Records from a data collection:
*****
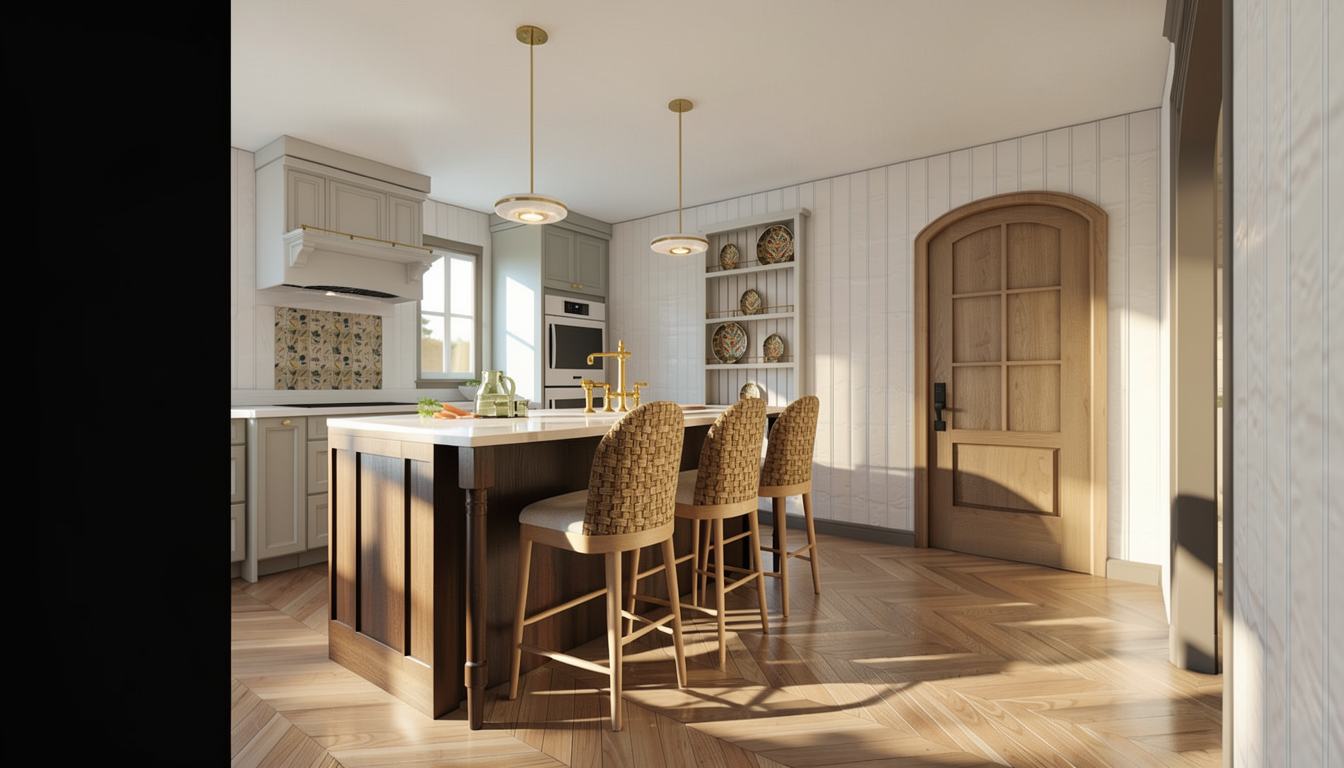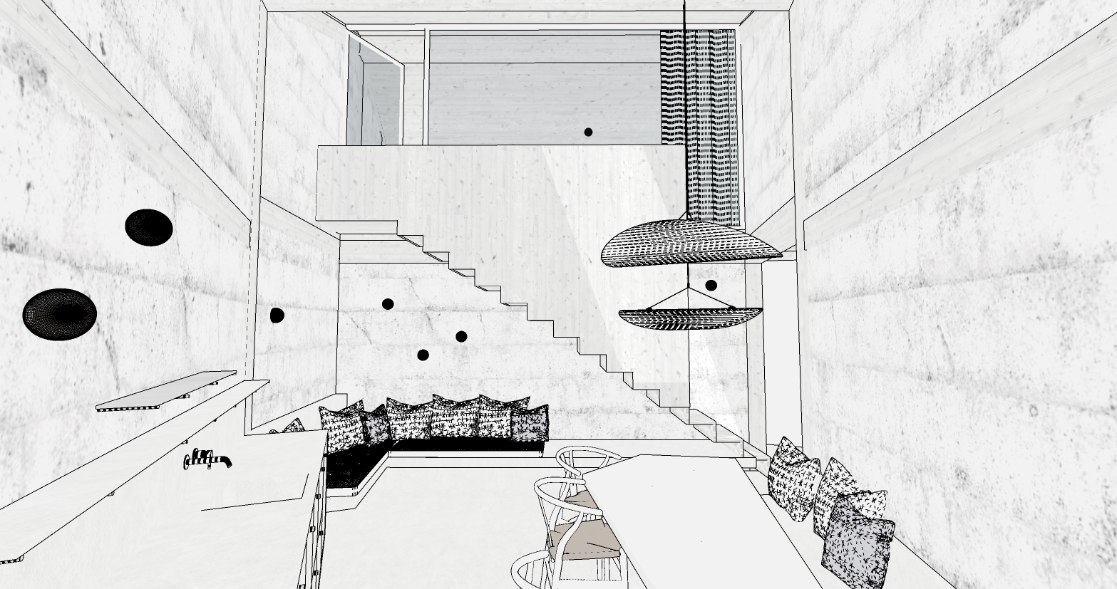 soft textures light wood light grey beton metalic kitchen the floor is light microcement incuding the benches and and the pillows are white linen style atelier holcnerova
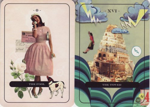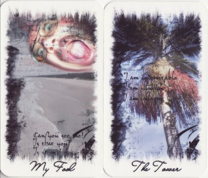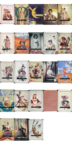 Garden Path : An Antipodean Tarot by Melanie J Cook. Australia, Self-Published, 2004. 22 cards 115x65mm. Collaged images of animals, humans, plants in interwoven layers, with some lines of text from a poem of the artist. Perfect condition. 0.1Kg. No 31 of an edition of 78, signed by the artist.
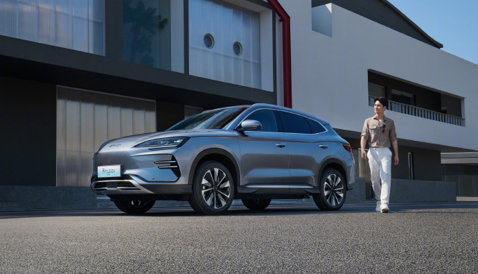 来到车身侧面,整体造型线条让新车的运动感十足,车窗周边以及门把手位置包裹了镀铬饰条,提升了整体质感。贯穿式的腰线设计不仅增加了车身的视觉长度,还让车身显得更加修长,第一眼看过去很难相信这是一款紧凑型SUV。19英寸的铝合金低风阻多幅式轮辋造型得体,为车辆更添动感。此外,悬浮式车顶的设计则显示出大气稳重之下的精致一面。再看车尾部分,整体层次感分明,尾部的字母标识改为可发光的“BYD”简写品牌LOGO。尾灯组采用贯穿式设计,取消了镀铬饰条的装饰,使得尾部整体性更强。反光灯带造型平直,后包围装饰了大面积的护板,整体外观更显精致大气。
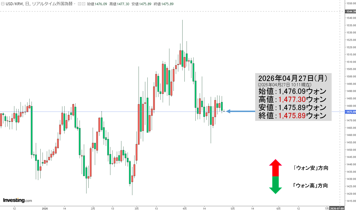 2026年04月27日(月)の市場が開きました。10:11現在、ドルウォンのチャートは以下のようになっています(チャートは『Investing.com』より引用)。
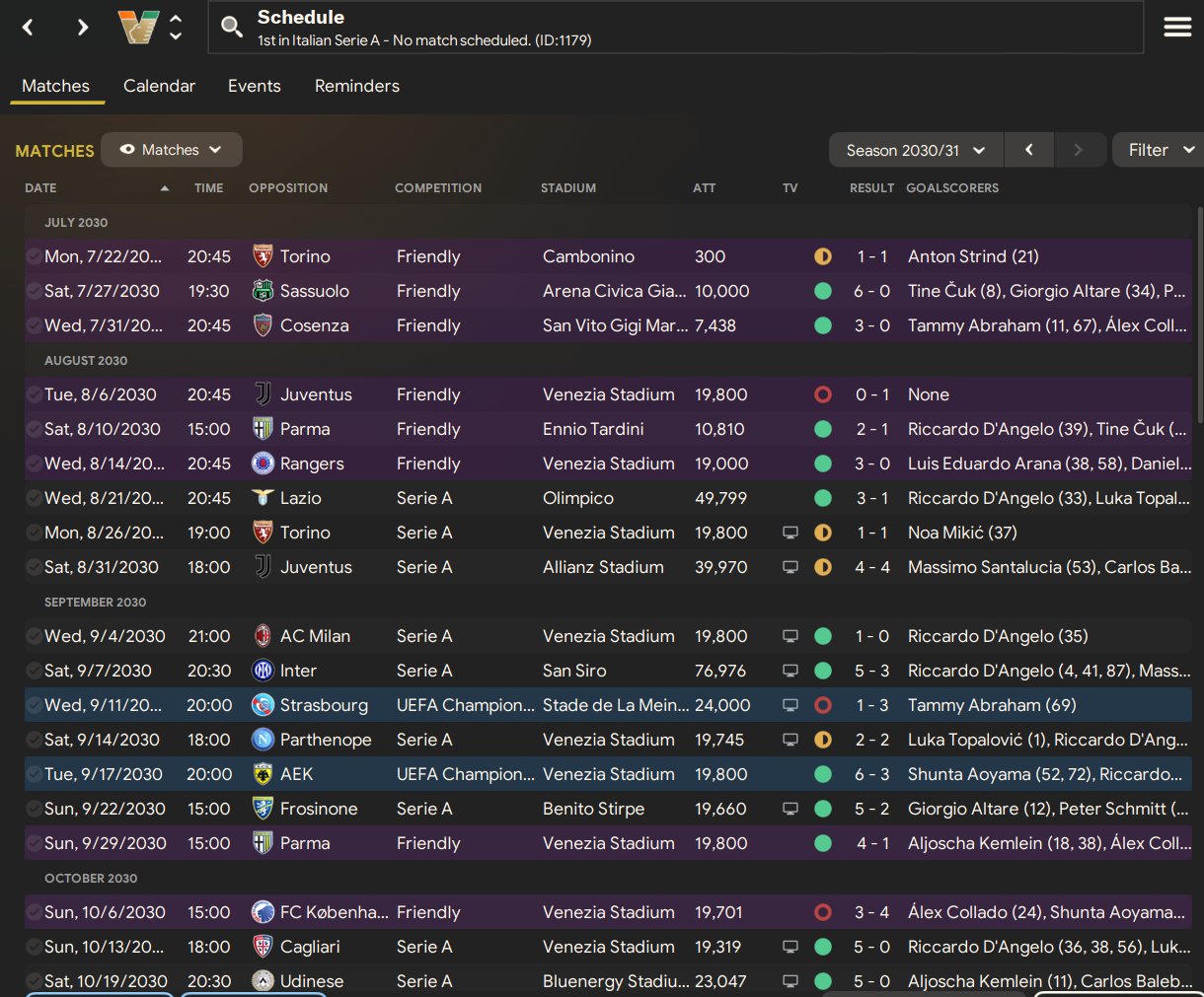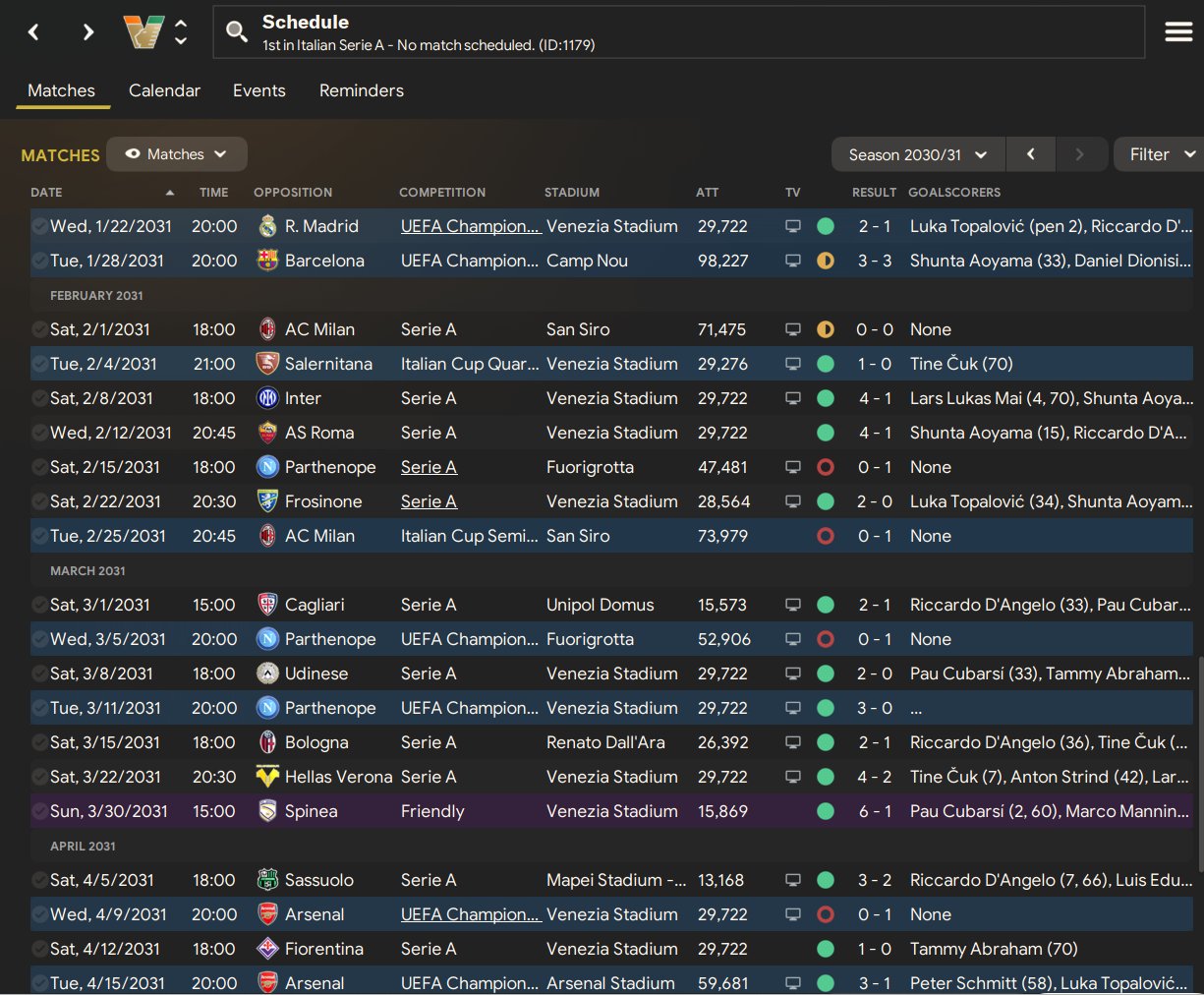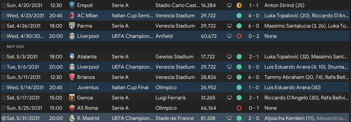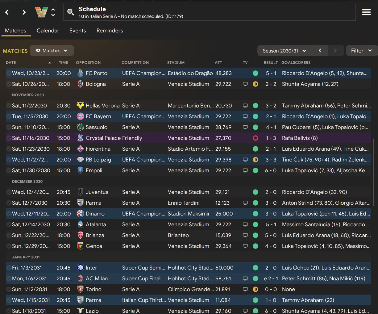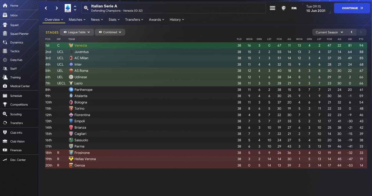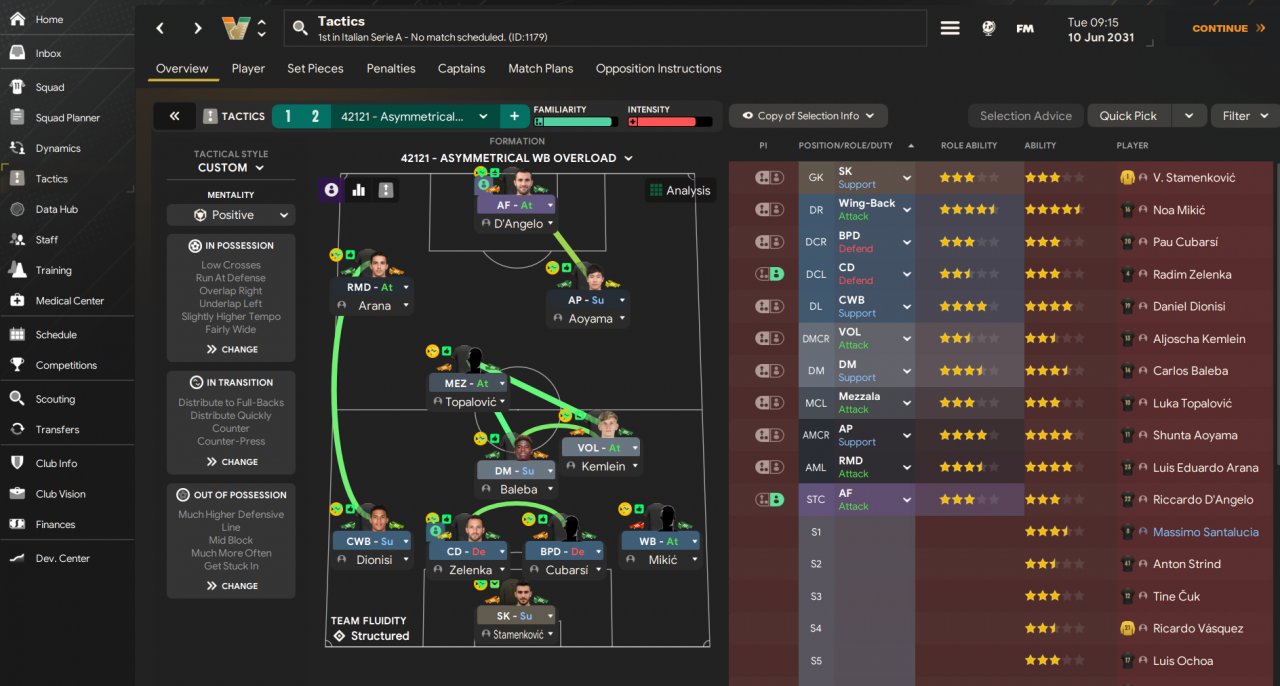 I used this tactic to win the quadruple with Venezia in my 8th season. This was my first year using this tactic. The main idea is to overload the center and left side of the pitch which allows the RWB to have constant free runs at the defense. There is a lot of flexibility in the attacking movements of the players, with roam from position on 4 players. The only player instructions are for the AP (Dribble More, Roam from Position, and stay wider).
*****
Prompt » Give every line above again exactly, with no pictures.

Answer area »
 soft textures light wood light grey beton metalic kitchen the floor is light microcement incuding the benches and and the pillows are white linen style atelier holcnerova
 Garden Path : An Antipodean Tarot by Melanie J Cook. Australia, Self-Published, 2004. 22 cards 115x65mm. Collaged images of animals, humans, plants in interwoven layers, with some lines of text from a poem of the artist. Perfect condition. 0.1Kg. No 31 of an edition of 78, signed by the artist.
 来到车身侧面,整体造型线条让新车的运动感十足,车窗周边以及门把手位置包裹了镀铬饰条,提升了整体质感。贯穿式的腰线设计不仅增加了车身的视觉长度,还让车身显得更加修长,第一眼看过去很难相信这是一款紧凑型SUV。19英寸的铝合金低风阻多幅式轮辋造型得体,为车辆更添动感。此外,悬浮式车顶的设计则显示出大气稳重之下的精致一面。再看车尾部分,整体层次感分明,尾部的字母标识改为可发光的“BYD”简写品牌LOGO。尾灯组采用贯穿式设计,取消了镀铬饰条的装饰,使得尾部整体性更强。反光灯带造型平直,后包围装饰了大面积的护板,整体外观更显精致大气。
 2026年04月27日(月)の市場が開きました。10:11現在、ドルウォンのチャートは以下のようになっています(チャートは『Investing.com』より引用)。
 I used this tactic to win the quadruple with Venezia in my 8th season. This was my first year using this tactic. The main idea is to overload the center and left side of the pitch which allows the RWB to have constant free runs at the defense. There is a lot of flexibility in the attacking movements of the players, with roam from position on 4 players. The only player instructions are for the AP (Dribble More, Roam from Position, and stay wider).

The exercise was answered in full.